India’s ethanol-blending efforts have been widely recognized for cutting crude oil imports, increasing farmers’ incomes, and stabilizing the sugar industry by addressing surplus production. With India now on track to achieve a 20% ethanol blend in petrol, Pakistan is looking to follow a similar path.
A draft proposal for Pakistan’s Ethanol Blending Programme (EBP) is set to be presented to the Economic Coordination Committee (ECC) of the Cabinet. The plan follows the formation of a government committee by Prime Minister Shehbaz Sharif on June 23, 2024, to develop a national ethanol strategy.
The committee, led by the Minister of Petroleum and including the Finance Minister, the Minister of State for Finance, and the Secretary of Petroleum, has finalized the proposal after consulting industry experts and stakeholders.
The programme aims to gradually introduce ethanol-blended petrol across the country. Oil refineries will be encouraged to voluntarily mix up to 5% ethanol with petrol, which would then be sold as regular fuel. The success of the programme will depend on the availability and economic feasibility of ethanol production.
Pakistan’s ethanol comes primarily from sugarcane molasses. By blending ethanol into petrol, the country hopes to reduce its dependence on imported fossil fuels, lower pollution, and create new opportunities for the renewable energy sector.
If implemented successfully, the programme could bring economic and environmental benefits, including reduced fuel import costs, a more diverse energy supply, and growth in the domestic ethanol market.
This is not the first time Pakistan has attempted ethanol blending. In 2009-10, the government introduced E-10 petrol, which contained 10% ethanol, on a trial basis. The fuel was initially sold in Sindh and later expanded to Punjab at a slightly lower price than regular petrol. However, the project was discontinued after a year due to limited ethanol availability, concerns from car manufacturers, and rising global ethanol prices.
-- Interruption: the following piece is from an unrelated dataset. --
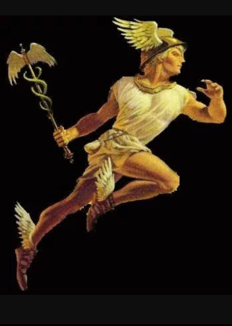 Юпитер баласын өзүнүн чабарманы кылып шайлайт. Ал атасынан учуучу канаттары бар сандалия жана баш кийим, оролгон 2 жыланы бар сыйкырлуу таякты алат. Атасынын кабарларын ошентип керектүү жерге бат жеткирип турат. Ал барган жерлеринде тынчтыкты орнотуп, жолдо жүргөндөрдү кырсыктардан сактап кала баштайт. Адамдар узак сапарга чыгарда Меркурийге курмандык чалып, бизди сакта деп жалына турган.

The new EBP proposal is based on international best practices, a review of Pakistan’s fuel market, and an assessment of the country’s ethanol production capacity. The plan aims to integrate ethanol blending into Pakistan’s fuel supply in a way that balances economic and environmental benefits.
Under the draft proposal, ethanol blending will initially be voluntary, allowing refineries to mix up to 5% ethanol into monograde petrol. A government committee, led by the Minister of Petroleum, will oversee the programme, review progress every six months, and make necessary adjustments.
For the long term, the proposal suggests increasing ethanol production and exploring alternative sources beyond sugarcane molasses. It also recommends working with car manufacturers to develop engines that can support higher ethanol blends.
If approved, the programme could play a key role in making Pakistan’s fuel market more sustainable while reducing dependence on expensive imported energy sources.